Regular PCTs use the whole target space to calculate the heuristic score. The proposed ensemble approach introduces random selections in the output space, i.e., individual PCTs do not consider the whole target space anymore. Each base model (PCT) is consequently learned from only those targets that were included in the randomly generated partition \(R_t\) provided to it by the function \(\Pi \). The output space partitions are generated before the induction of base models and are independent of the base model learning algorithm. The algorithm for construction of subspaces has the following parameters: (i) the number of base models b, (ii) a function \(\theta _v(X)\) that samples uniformly at random without replacement v items from the set X and (iii) a set of target attributes (labels) T. ROS first creates a subspace which considers all target attributes, to make sure that every target attribute is considered by at least one base model. We generate the remaining \(b-1\) subspaces with the \(\theta _v\) function. We build ROS ensembles of PCTs by using the randomized PCT algorithm (RPCT). Each base model is learnt from different bootstrap replicate. Such perturbations of the learning set have been proven useful in cases, where unstable base models, such as decision trees, are used. RPCT introduces additional randomization while learning its individual base models by considering only a subset of descriptive attributes at each step, i.e., when selecting the best test at a given node by calling the function \(\delta _c(X)\) just before. In addition, ROS randomly selects a subset of targets for each PCT in the ensemble (we refer to the method as RF-ROS).

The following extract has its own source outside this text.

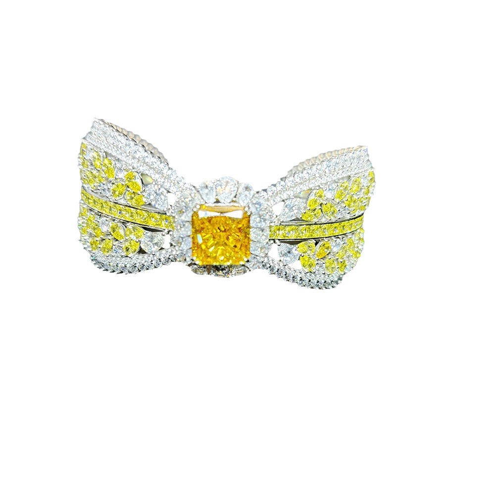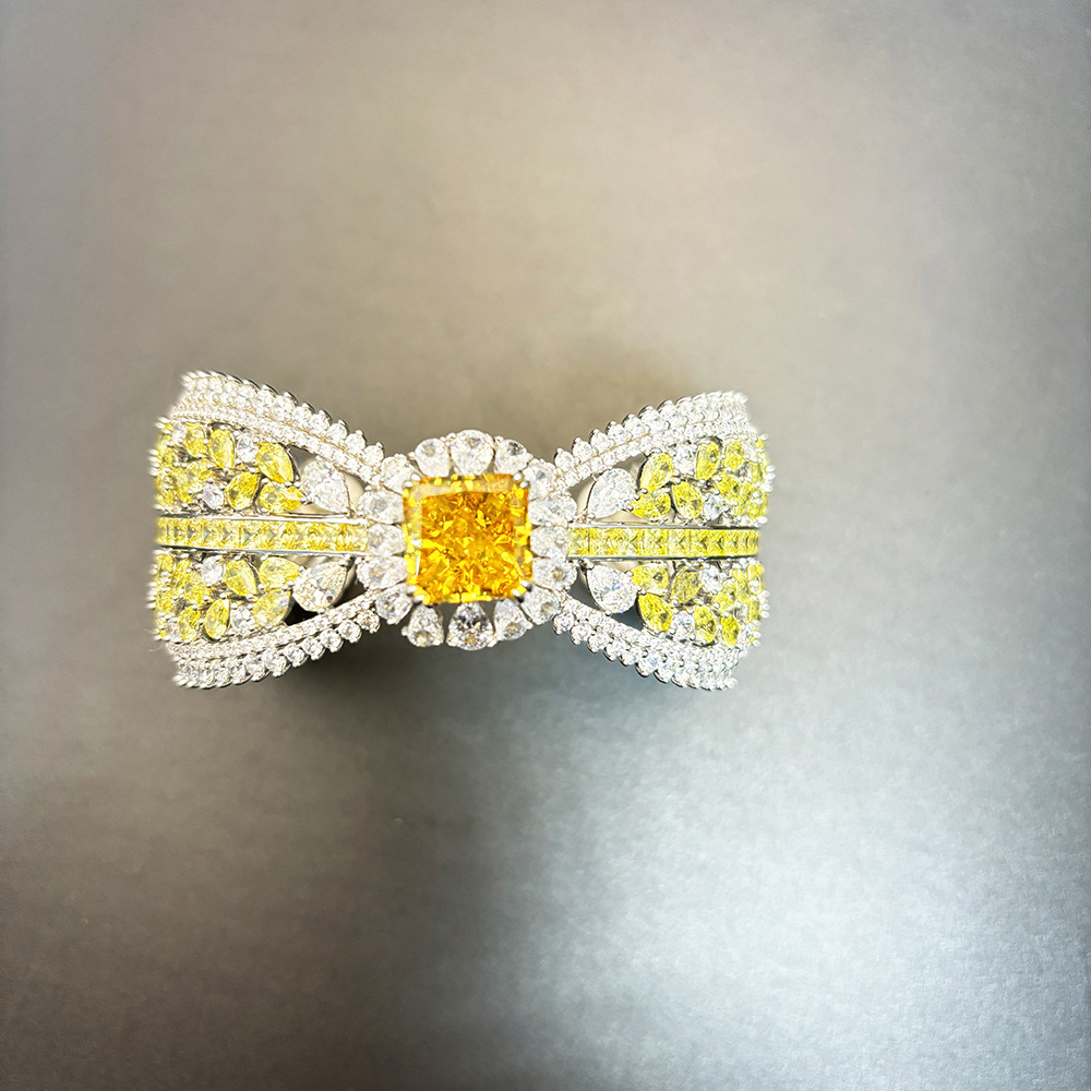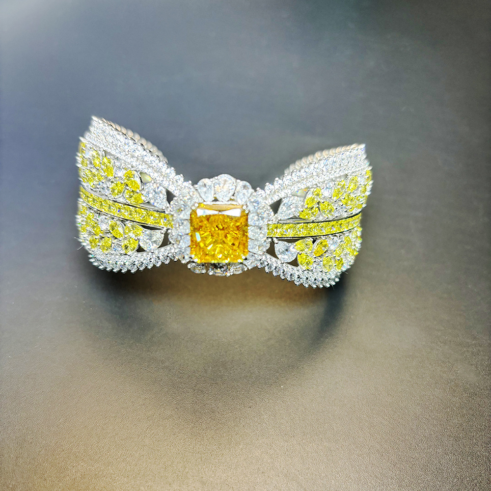 548#Luxurious wide bracelet – S925 silver with yellow diamonds, ice flower cut, set with moissanite. An elegant bracelet suitable as a gift for parties or festivals.

Ensembles combine predictions of their base models. In this study, we use two different prediction-combining techniques, i.e., aggregation functions: (i) total averaging (i.e., the most commonly used voting technique) and (ii) subspace averaging. Total averaging combines votes of the individual base models using probability per-target distribution voting for all targets [1]. Subspace averaging does the same, but only the labels considered during learning of the respective base model participate in the voting.

3 Experimental Design

This section presents the experimental questions posed, benchmark datasets, the experimental setup and the evaluation measures used. We designed the experimental evaluation having the following research questions in mind:

1.
What is the recommended label subspace size for RF-ROS ensembles?
2.
Does it make sense to change the aggregation function, i.e., can subspace averaging improve the predictive performance of RF-ROS models?
3.
Considering predictive performance, how do RF-ROS ensembles compare to other competing methods?

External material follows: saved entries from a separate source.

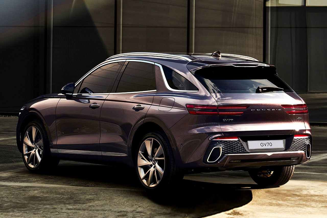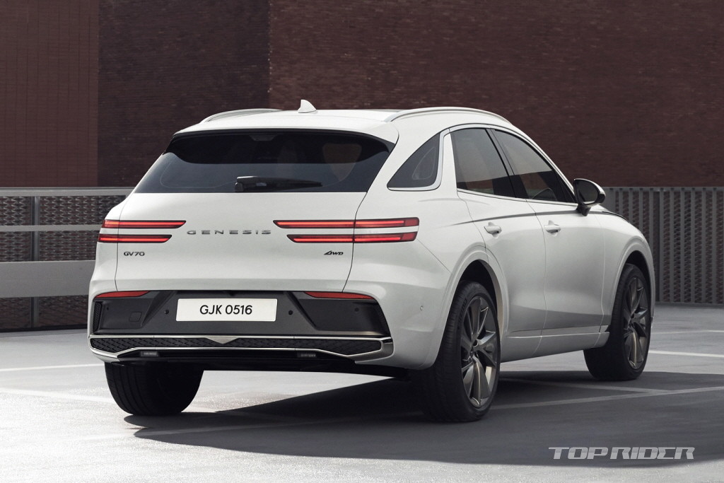 GV70의 외관은 정말 매력적이에요. 특히 후면에서 바라보면 세련된 라인과 함께 독특한 테일램프 디자인이 눈에 띄어요.
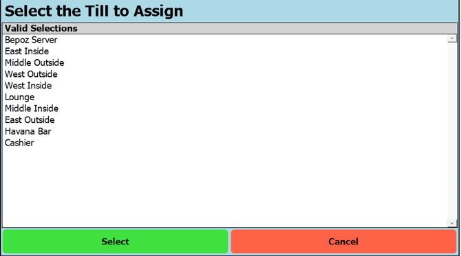 - Select your Till from the List.
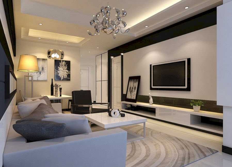 - Натяжной потолок — надёжный, долговечный и красивый вариант, не требующий предварительного выравнивания потолка. Он устанавливается профессионалами. Красиво в интерьере будет смотреться как матовый, так и глянцевый потолок. Для маленьких гостиных отлично подходят глянцевые потолки. Они зрительно делают комнату больше.
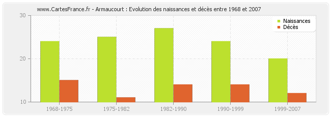 Armaucourt : évolution des naissances et décès de 1968 à 2007
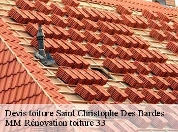 Demander un devis toiture à Saint Christophe Des Bardes est incontournable du moment où vous envisagez de faire des travaux de toit. C’est une action qui vous permettra de vous préparer financièrement aux travaux que vous comptez faire, que ce soit pour embellir la toiture ou s’il s’agit d’une construction en neuf de toit. En tout cas, MM Rénovation toiture 33 est un couvreur pour devis de toiture à Saint Christophe Des Bardes 33330 que vous pouvez contacter. En demandant un devis auprès de notre établissement, vous pourrez facilement nous engager puisque vous aurez déjà découvert notre offre.
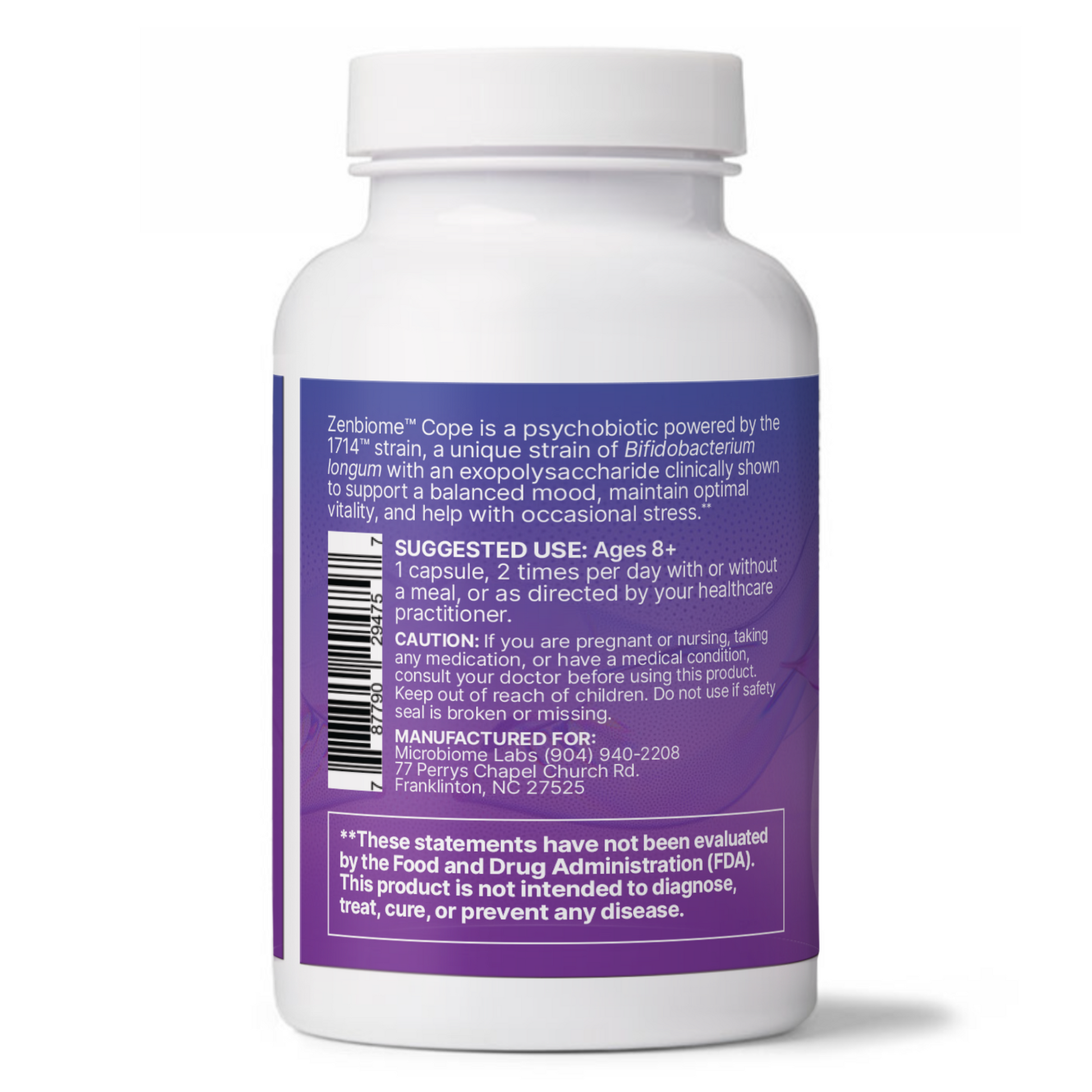 ZenBiome Cope™ is designed to help clients better handle life’s occasional stressors. ZenBiome Cope™ pairs the well-researched psychobiotic 1714™ with other vital nutrients like B vitamins and herbal extracts to provide targeted support for coping with day-to-day, periodic stressors and mood changes.

We use 13 publicly available benchmark datasets: Emotions, Scene, Yeast, Birds, TMC 2007, Genbase, Medical, Enron, Mediamill, Bibtex, Bookmarks, Corel 5k, and Delicious. The datasets vary in terms of number instances, descriptive and target attributes. More details about the datasets are available at the MULAN repository (http://mulan.sourceforge.net/datasets.html).

To evaluate the performance of the RF-ROS, we generated ensembles with different output space sizes: \(v \in \)(\(\frac{q}{4},\frac{q}{2},\frac{3q}{4},\sqrt{q},\log {q}\)) with q the number of labels. We also experimented with two aggregation functions: total and subspace averaging. We then compare the performance of RF-ROS with the performance of: (i) Random forests of standard PCTs (RF-PCT) [4], (ii) Random k-Labelsets (RAkEL) models [8] and (iii) Random forests with Gaussian subspaces (RF-Gauss) [3].

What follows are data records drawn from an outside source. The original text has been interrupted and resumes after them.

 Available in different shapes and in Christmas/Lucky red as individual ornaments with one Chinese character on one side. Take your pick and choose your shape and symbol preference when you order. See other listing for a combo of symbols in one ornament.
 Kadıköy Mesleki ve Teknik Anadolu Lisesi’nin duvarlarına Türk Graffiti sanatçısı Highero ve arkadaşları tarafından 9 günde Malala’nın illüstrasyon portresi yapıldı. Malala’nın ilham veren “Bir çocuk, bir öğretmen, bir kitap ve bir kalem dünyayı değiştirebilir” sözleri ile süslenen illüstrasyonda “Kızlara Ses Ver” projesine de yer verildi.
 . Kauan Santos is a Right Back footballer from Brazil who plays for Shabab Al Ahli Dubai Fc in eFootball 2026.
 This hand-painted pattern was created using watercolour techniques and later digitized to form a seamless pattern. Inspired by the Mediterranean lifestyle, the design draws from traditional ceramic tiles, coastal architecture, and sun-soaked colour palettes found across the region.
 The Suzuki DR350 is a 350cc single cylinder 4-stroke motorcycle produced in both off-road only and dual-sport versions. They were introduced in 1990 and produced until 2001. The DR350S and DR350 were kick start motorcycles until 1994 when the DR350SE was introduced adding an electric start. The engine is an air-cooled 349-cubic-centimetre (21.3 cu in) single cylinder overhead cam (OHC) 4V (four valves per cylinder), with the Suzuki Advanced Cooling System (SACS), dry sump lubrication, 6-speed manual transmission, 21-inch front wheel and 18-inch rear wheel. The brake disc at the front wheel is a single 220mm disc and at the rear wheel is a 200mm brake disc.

RF-PCT and RF-ROS ensembles used 100 PCTs (ensembles are typically saturated at that point) and descriptive space size \(v=\lfloor 0.1 \cdot q \rfloor +1\) [4]. The trees in the ensembles were not pruned [1]. For RAkEL models, the k parameter (size of labelset) was set to q / 2 and the number of models to min(2q, 100). A support vector machine (SVM) classifier was selected as a learning algorithm within RAkEL, with a linear kernel and a complexity constant \(C=1\). In RF-Gauss, the number of Gaussian subspace components was set to \(\log {q}\). The other RF-Gauss parameters were set to \(n_{min}=1\) and \(k=\sqrt{q}\) [3]. The statistical evaluation of the results was performed according to the guidelines of Demšar [2]. All statistical tests on the predictive performance values were conducted at the significance level \(\alpha = 0.05\) (using three decimal places).

In order to determine the predictive performance of the induced models, we empirically evaluate them according to 12 different measures that belong to two groups: example and label based measures. The example based measures considered are: hamming loss, accuracy, precision, recall, F1, subset accuracy. The label based measures considered are: micro/macro precision, micro/macro recall, micro/macro F1 [6]. Results in terms of different measures lead to the same conclusions: In order to conserve space, we present only results for the example based measures F1 (more is better) and Hamming loss (less is better) in Table 2.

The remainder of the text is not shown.